Official AWS AMI image for NGINX App Protect has been released recently. This fact gives two big benefits for all users. First is that the official image available on the AWS marketplace eliminates the need to manually pre build AMI for your WAF deployment. It contains all the necessary code and packages on top of the OS of your choice. Another benefit that is even more important from my perspective is that the use of official AMI from the AWS marketplace allows you to pay as you go for NGINX App Protect software instead of purchasing a year-long license. Pay as you go licensing model is much more suitable for modern dynamic cloud environments.

The following article proposes an option of how to deploy and automate NGINX App Protect WAF as a motive to play with new AMIs. To make it slightly more useful I'll try to simulate a production-like environment. Here are the requirements:

Flexibility. A number of instances scale up and down smoothly.
Redundancy. Loss of an instance or entire datacenter doesn't cause a service outage.
Automation. All deployment and day to day operations are automated.

Architecture

High-level architecture represents a common deployment pattern for a highly available system. AWS VPC runs an application load balancer and a subset of EC2 instances running NGINX App Protect software behind it. A load balancer is supposed to manage TLS certificates, receive traffic, and distribute it across all EC2 instances. NGINX App Protect VMs inspect traffic and forward it to the application backend. Everything is simple so far.

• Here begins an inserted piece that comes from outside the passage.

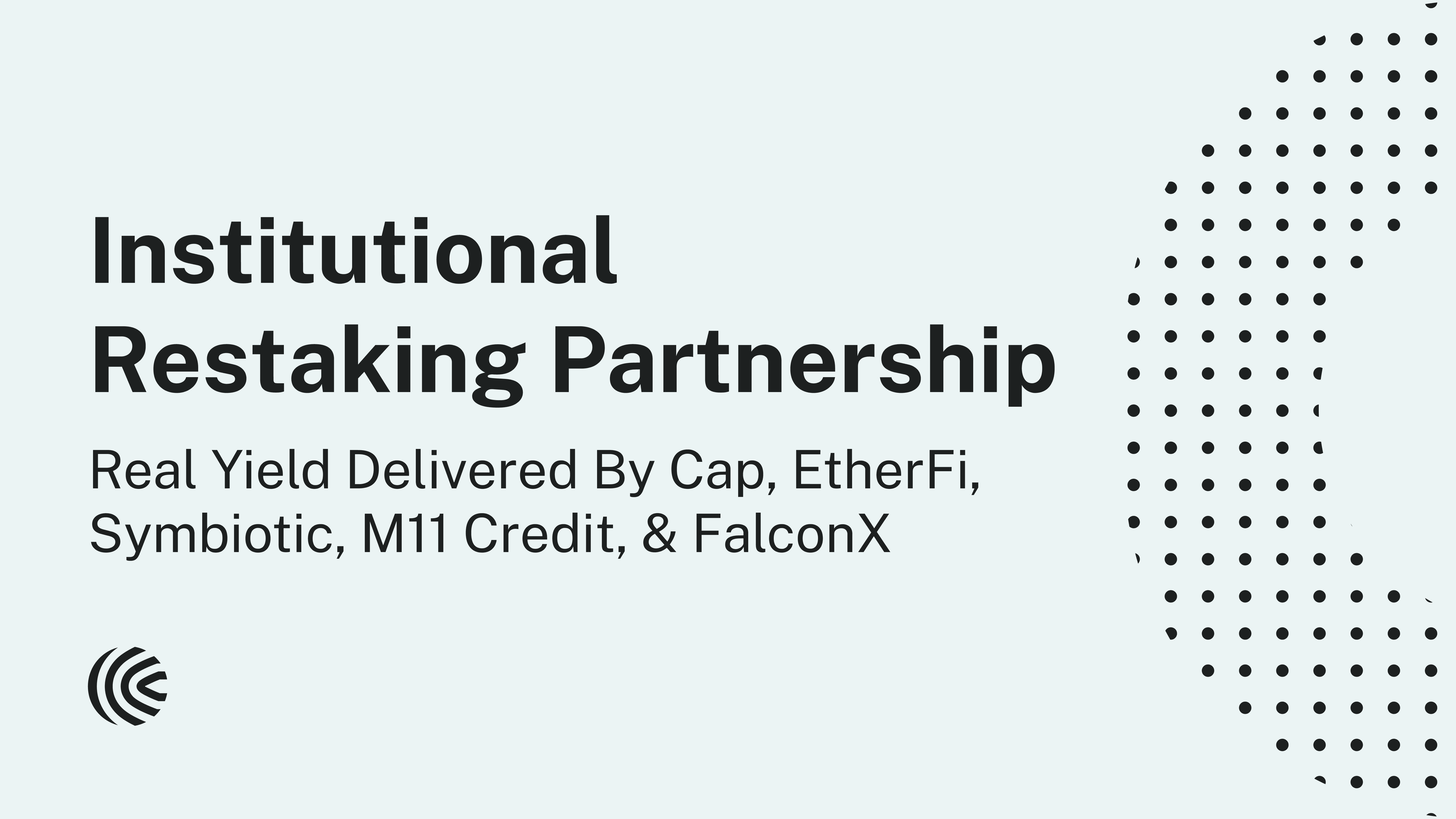 Cap's institutional restaking partnership with EtherFi, Symbiotic, M11 Credit, and FalconX brings real, non-inflationary yield from dollar-denominated institutional lending to ETH holders — marking a milestone for programmable credit and insured private credit onchain.

Diagram 1. High Level Architecture.

Since the system pretends to be production like then redundancy is a must. Deeper dive to AWS architecture on the diagram below reveals more system details.

Diagram 2. VPC Architecture.

AWS VPC has two subnets distributed across two availability zones. Load balancer legs and WAF instances are going to present in each subnet. Such workload distribution provides geographical resiliency. Even if the entire AWS datacenter in one zone goes down WAF instances in other zone keep woking. Therefore WAF deployment keeps handling traffic and applications remain available to the public. Such a scenario reveals the rule of thumb.

Rule: Always keep instances load below fifty percent to prevent overload in case of loss up to half of the instances.

Each tier lives in its security group. The load balancer security group allows access from any IP to HTTPS port for data traffic. WAF security group allows HTTP access from the load balancer and SSH from trusted hosts for administration purposes.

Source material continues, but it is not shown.